Bidders who submitted letters of intent would then be allowed, if selected by Springer and a court-appointed monitor, to enter a second phase intended to allow bidders to do more extensive due diligence and to submit binding offers.
"The letters of intent express interest in purchasing the assets of Springer," Grant said.
"The proposed purchase prices vary widely, however the stated purchase prices are non-binding at this stage and are negotiable based on further due diligence."
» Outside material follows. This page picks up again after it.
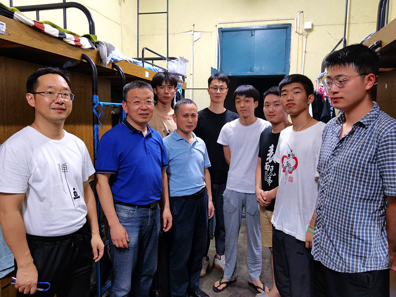 6月17日晚上,小宝寻花 党政领导王勇智、左如忠、方玖胜、朱协彬,系部主任、支部书记及毕业班辅导员到男生宿舍17、18、20号楼和女生3号楼亲切看望毕业生。
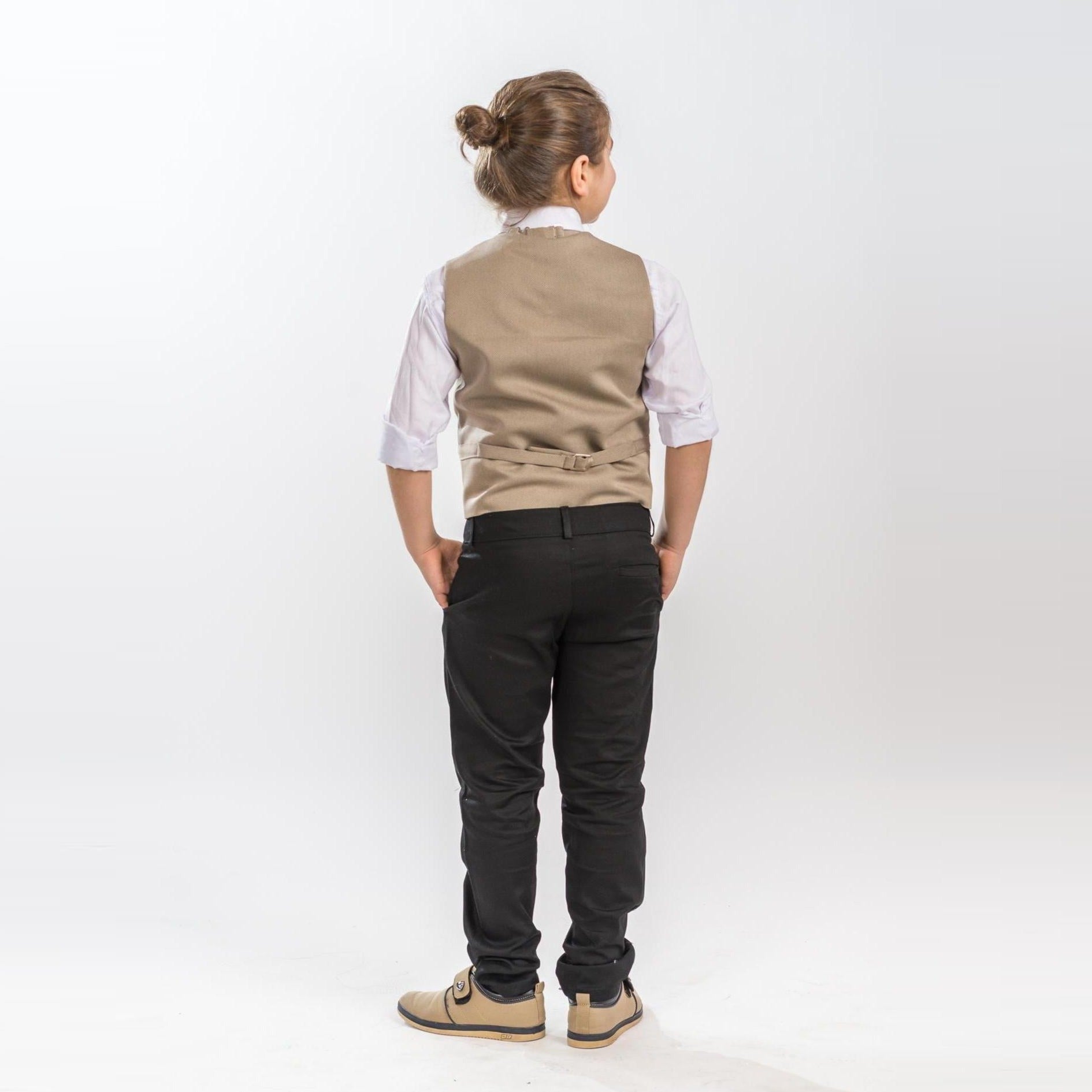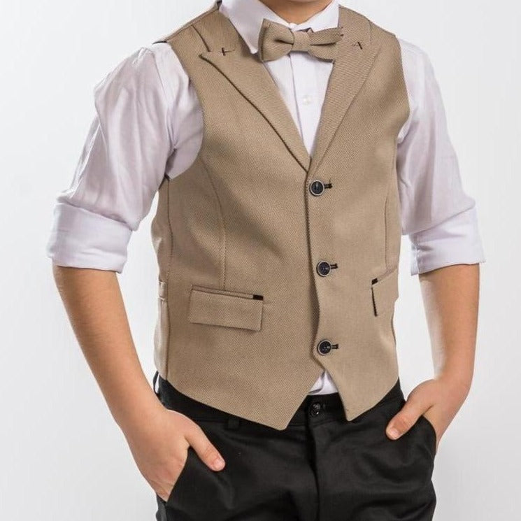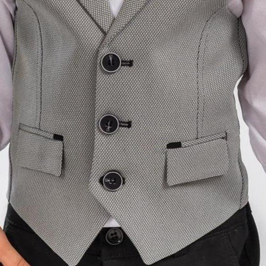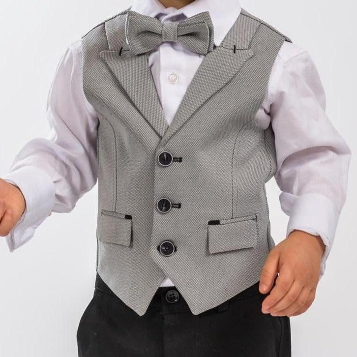 This is taking the vest set style to a new level. Stylish knit cotton vest set including sleeveless vest, soft cotton shirt, and slim fit adjustable waist knit cotton pants, and matching bowtie. A real superstar in the making!

"Springer seeks to avoid a liquidation to prevent the devastating impact of a business closure on this northern Ontario community. Vulnerable stakeholders such as employees, contractors, customers, and the surrounding northern Ontario and Indigenous communities will bear a heavy financial and social burden in a liquidation scenario," Grant said.
Financial records a mess
"During Phase I of the sale and investment solicitation, it became apparent that potential bidders were having difficulty analyzing Springer’s projected financial performance given certain shortcomings in its historical financial data," Grant said in his affidavit.
"The absence of accurate financial information is due to, in part, the significant turnover that Springer experienced in its finance department starting in 2021, including the departure of its chief financial officer in 2022, and the insufficient liquidity to pay the significant outstanding amounts owing to Springer’s accountants to finalize the 2022 financial statements."
"As a result, Springer’s 2022 financial statements, generated from its books and records, are likely inaccurate and are not reliable."
"Springer and the monitor communicated the apparent deficiencies in the 2022 financial statements to all potential bidders. Given the apparent lack of reliable financial data as well as the relatively short time frame of Phase I of the SISP, potential bidders found it challenging to project Springer’s performance and determine a suitable purchase price."
"As a result, some potential bidders requested more time to submit bids, and one potential bidder requested to have until the summer (due to managing timelines the bidder had on other opportunities it was pursuing) to submit a bid after performing a considerable amount of due diligence. With Springer’s cash flow pressures and lack of available debtor-in-possession funding under the current facility, Springer was not able to commit to an extension of the SISP until the summer," Grant said.
What Desjardins argued
"Springer, with the assistance of the chief restructuring officer and the monitor, has not received any Phase I bids... that comply with the requirements of the SISP," Desjardins said in a court submission.
"There are not viable bids that are sufficient to repay the debtors’ outstanding indebtedness to Desjardins after the payment of amounts secured by the administration charge and the DIP lender’s charge."
"Springer does not meet the test for increased interim financing and, accordingly, will not be able to continue operating."
"The SISP has failed and Desjardins has no confidence in Springer’s management, which has been unable to create accurate financial projections or carry out any restructuring throughout the duration of the CCAA proceedings to date."
"Desjardins’ position vis-à-vis its security over Springer has significantly deteriorated since the commencement of the CCAA proceedings and continues to deteriorate."
Founded in 1972, Springer Aerospace is one of Canada’s oldest Transport Canada-approved maintenance organizations.
It's located on more than 200 acres of real estate on Lakeview and Riverside Rds. in Echo Bay, owned by a sister company also under CCAA protection.
The properties are improved by:
- a 16,160-square-foot, 17-feet-high hangar that houses an industrial bay, the paint shop, offices and storage *a 24,373-square-foot, 30-feet-high hangar that houses an industrial bay for aircraft work as well as offices and amenities on a second floor *
- a 33,000-square-foot hangar that's 59 feet high at its peak, built in 2020, housing Springer’s largest industrial bay two single-family residences
- an airport (Bar River Airport, IATA code YEB, Transport Canada Local Identifier CPF2), including a main runway large enough to accommodate Boeing 737s for landing and takeoff.